Ожидания Сигизмунда Августа и мысли Курбского не оправдались. Получив письма, Воротынский, Мстиславский и другие единодушно говорили: «Всё, что имеем, имеем от Бога и государя; все ходим под Богом и под царским смотрением; благоденствуем, когда царь благоденствует; грозен во гневе он, но терпение наше заслужит нам Божию милость».
Говоря так, они решили не оставлять Сигизмунда без ответа, гордо исчисляя все свои титулы, подвластные им области и удельные свои города. Гонец с письмами их поспешил в Гродно, где находился король.
— Ты обманулся, князь, — сказал король Курбскому, краснея от негодования. — Бояре московские поругались над моим предложением. Дерзость их неимоверна. Они издеваются надо мною, величая себя наместниками и державцами, а меня братом своим, и чрез несколько строк прокуратором, фальшером, лотром[22]. Я предлагал им избавить их от ига; они отвечают, что где нет твёрдой воли в царе, там нет прочности в царстве; я обещал Воротынскому и Мстиславскому целые области в дар, а они, насмехаясь, просят от меня городов по Днепру, всю Волынию и Подолию и приглашают идти под Иоаннову власть. И старик, о котором я так много от тебя слышал, боярин и воевода Полоцкий, выжил из ума; он пишет, что тешить меня скоморошеством не учен. Посмотри сам, как величает тебя Воротынский. — И король подал Курбскому письмо Воротынского.

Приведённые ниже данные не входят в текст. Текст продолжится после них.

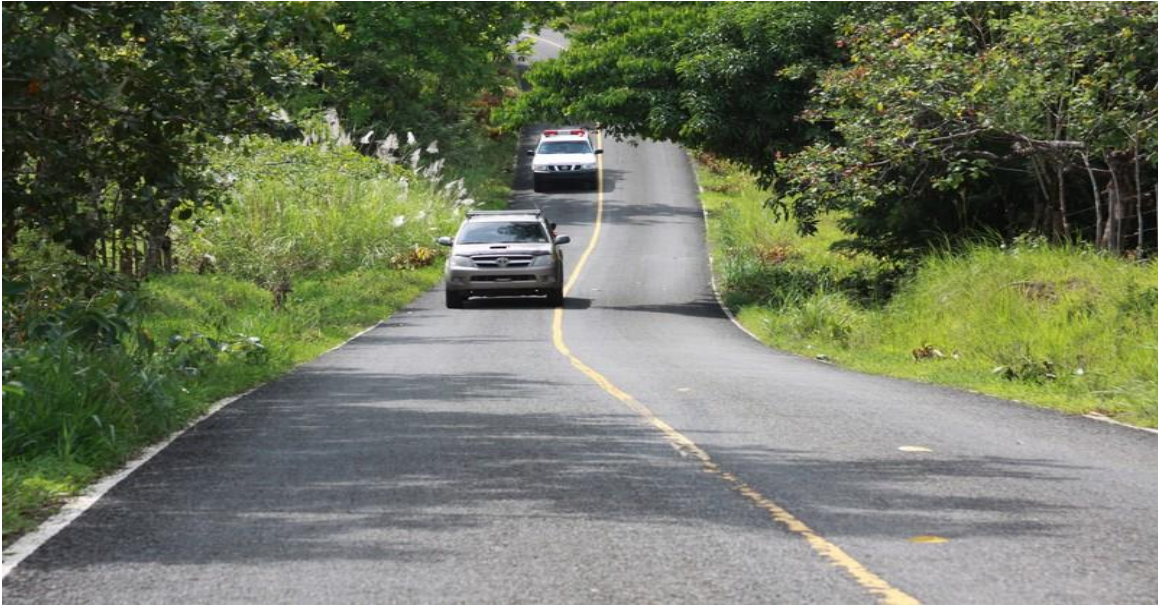
carretera hacia Icacal
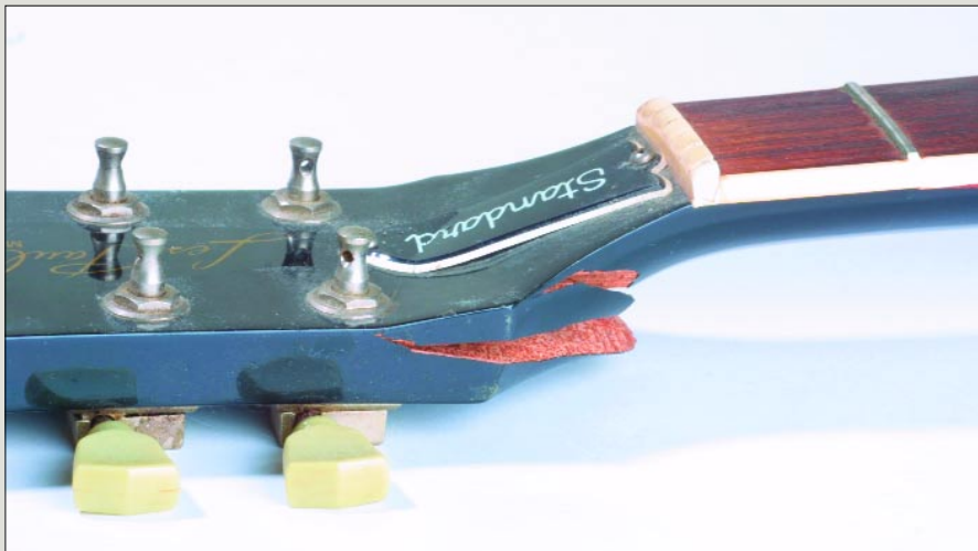
Abb.3 Glocke und Furnier halten die Kopfplatte noch zusammen

die stark von der Art des verwendeten Lacks abhängen. Originale Gibson-Gitarren sind mit – mehr oder weniger reinem – Nitrozellulose-Lack lackiert. Der hat den Vorteil gegenüber DD- oder Mehrkomponenten-Lack, dass er sich mit seinem Lösungsmittel Nitro nachträglich wieder anlösen lässt. Dadurch kann sich eine neue Schicht Nitrolack fest und ohne Übergänge mit dem alten Lack verbinden. Anschließend kann durch Nass-Schleifen und Polieren wieder eine einheitliche und glatte Oberfläche hergestellt werden. DD-Lack, der einmal angetrocknet ist, lässt sich allerdings nicht mehr chemisch lösen; dadurch sind Reparaturen im Lack weit schwieriger. Appetit kommt beim Essen, und durch diesen ersten Erfolg bin ich auf weitere Ideen für Verbesserungen an meiner Gitarre gekommen. Also habe ich mich für eine viel radikalere Lösung entschieden – der Lack soll komplett runter und die Gitarre neu lackiert werden. Aber das ist eine ganz andere Geschichte ... ■

Курбский горестно улыбнулся.
— Я обманулся в них, государь, — сказал он Сигизмунду Августу. — Они привыкли к своему бремени.
— Пусть же будут жертвами Иоанна! — воскликнул король.
— По крайней мере, государь, на жизни их не будет пятна, — сказал Курбский, тяжело вздыхая.
— Ты снова, князь, предался мрачным мыслям. Здесь нашёл ты отечество, достойнейшее тебя; видишь благоволение наше и можешь чувствовать, что для просвещённого мужа счастие там, где человечество счастливо.
— Государь! Бог не даёт на земле двух жизней; не найдём и другого отечества. Ты усыновил меня Польше, а России усыновил меня Бог. Я люблю и чту тебя, государь, ты осыпал меня щедротами, но здесь для меня нет полного счастия; не найду его в почестях и в богатстве, не находя спокойствия в душе.